▶ Try it:
Every line of the material must be given again verbatim. Skip the images.

▶ Given data:
Content starts

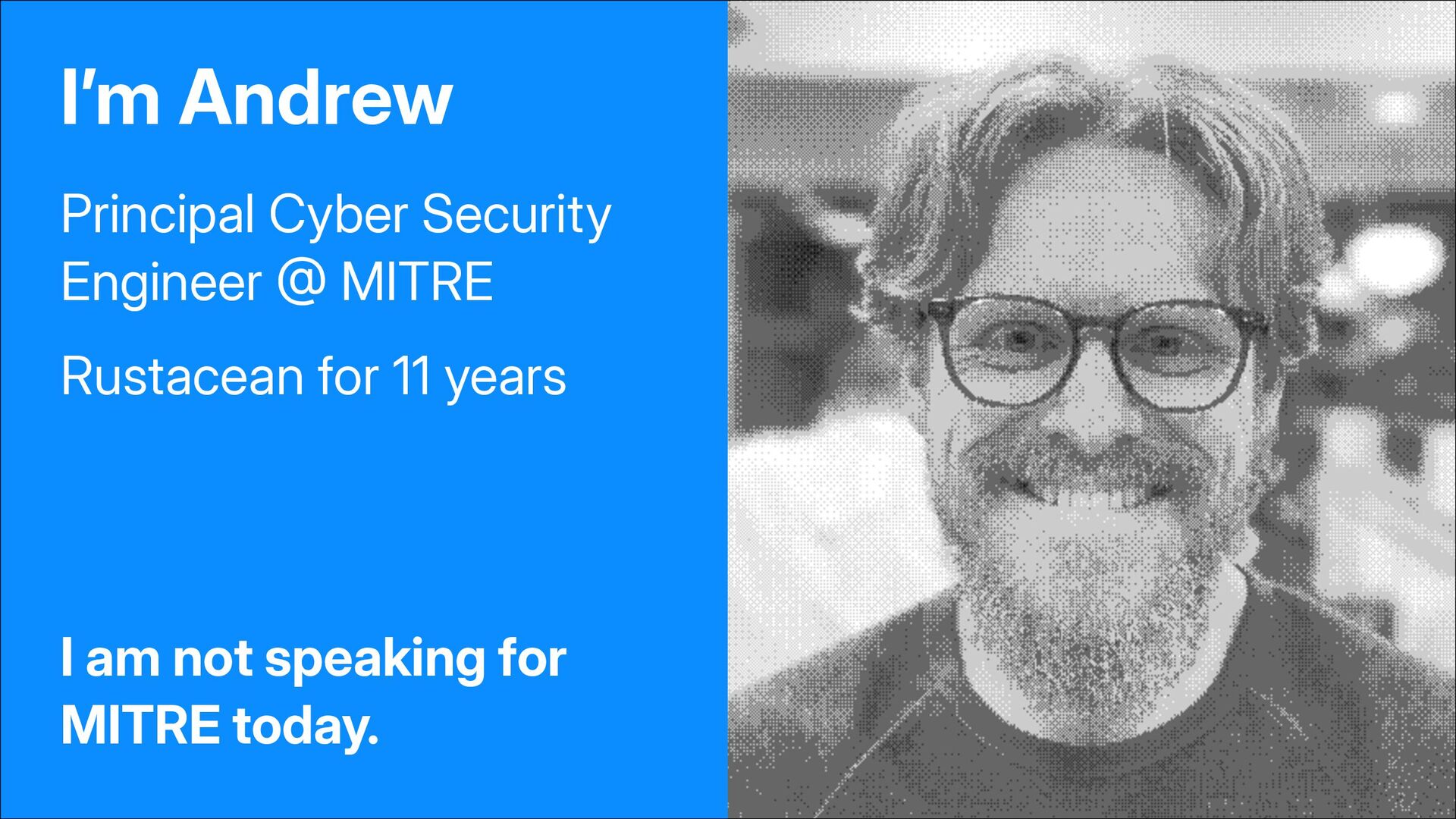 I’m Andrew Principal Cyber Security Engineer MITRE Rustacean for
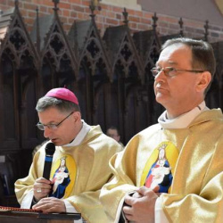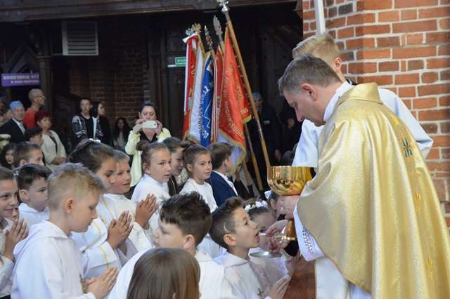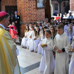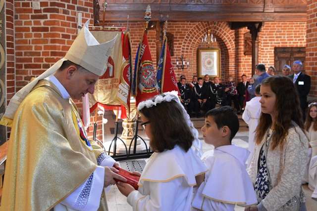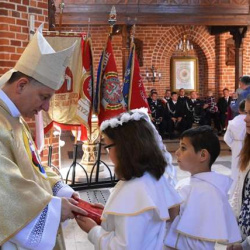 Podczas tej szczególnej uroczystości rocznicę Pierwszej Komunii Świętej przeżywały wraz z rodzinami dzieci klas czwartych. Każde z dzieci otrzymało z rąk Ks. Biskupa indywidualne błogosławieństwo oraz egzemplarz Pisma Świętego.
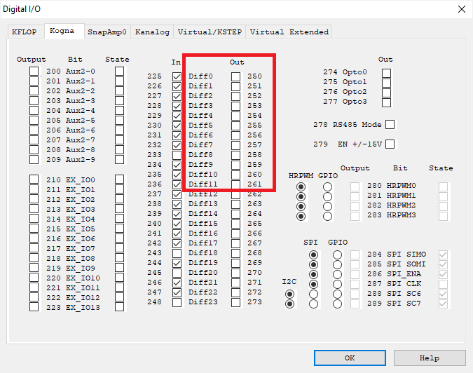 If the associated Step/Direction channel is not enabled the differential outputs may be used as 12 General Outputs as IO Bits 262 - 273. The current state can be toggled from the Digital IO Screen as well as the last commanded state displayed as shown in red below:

Content ends

▶ Solution below:
 I’m Andrew Principal Cyber Security Engineer MITRE Rustacean for
 Podczas tej szczególnej uroczystości rocznicę Pierwszej Komunii Świętej przeżywały wraz z rodzinami dzieci klas czwartych. Każde z dzieci otrzymało z rąk Ks. Biskupa indywidualne błogosławieństwo oraz egzemplarz Pisma Świętego.
 If the associated Step/Direction channel is not enabled the differential outputs may be used as 12 General Outputs as IO Bits 262 - 273. The current state can be toggled from the Digital IO Screen as well as the last commanded state displayed as shown in red below:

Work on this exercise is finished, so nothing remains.